Mark glanced at Liz, but he didn’t wait for her yes or no. “That’s fine, Bear. I’m glad she has you to go to.”
Considering how I had handled her first visit, I was certain it would also be her last. I don’t know how else I could have handled what happened yesterday, but there had to have been a better way. I smiled, slapped my thighs and stood up.
As we said our good-byes, the boys streamed down the stairs and hung on Phoebe’s arms. They wanted another Bob the Builder show and they wanted Phoebe to watch it with them. Before she could escape with them, Annie Laurie stepped over to Phoebe and put her arms around the girl, drawing her close. Phoebe was taller than Annie, but Annie held her tight and rocked from side to side for a minute. Very slowly, Phoebe put her arms up and hugged Annie back. Annie whispered something in Phoebe’s ear, then pulled back and held Phoebe’s shoulders so she could look the girl in the face.

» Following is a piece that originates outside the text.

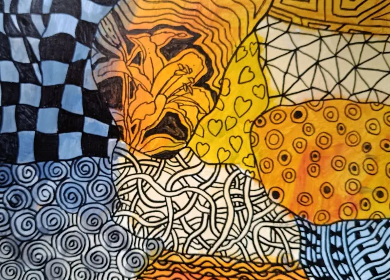 playful, almost childlike touch, balancing the denser linear patterns.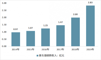 2014年我國賽車場銷售收入0.97億元,到2019年達到了2.83億元,近幾年國內(nèi)賽車場銷售收入情況如下圖所示:

“I mean it, now, you hear me?” Annie said. Phoebe’s eyes shone with tears. She nodded and then climbed the stairs with Toby and Tanner.
Liz followed us out the door, her smile overbright.
“Well. A lot went on in there but I still don’t have a clue what. I’ve got to tell you, Annie Laurie, I’ve never gotten a hug from that girl. I’ve poured money into her, tried to take her shopping, but she’s never given me so much as a smile or a thank-you, not unless Mark drags it out of her.” Liz stood in front of her beautiful home, trim and toned and dressed like a woman from a catalog. And completely clueless.
Annie laughed. “She didn’t give me a hug, Liz. I took it.” And then Annie put her arms around Liz and took a hug from her, too. Liz’s arms hung straight at her sides until it was almost too late. Just as Annie Laurie was beginning to pull away, Liz’s arms came up and she clasped Annie to her hard. Annie’s face went soft.
“It’s going to be okay, Liz. Everything’s going to be okay,” Annie said.
We didn’t know it as we drove away, but Annie Laurie was wrong. Everything was not going to be okay. Everything was going to fall apart.
Five
It started falling apart the next week.
I left the Pickersley-Smythes’ that Saturday feeling somewhat better about the Phoebe/Jo situation. It suited me to have Annie be my ambassador with the girl. Even if Phoebe had decided not to try to convince the fellowship that I was a rapacious scoundrel, I didn’t want to spend a whole lot of time with her. She was too unpredictable. Sure, Annie had Phoebe feeling all soft and mushy now, but that didn’t mean she’d be feeling that way tomorrow. Still. I’d give the girl a chance, I told myself. I’d try to be fair, like Annie Laurie had said.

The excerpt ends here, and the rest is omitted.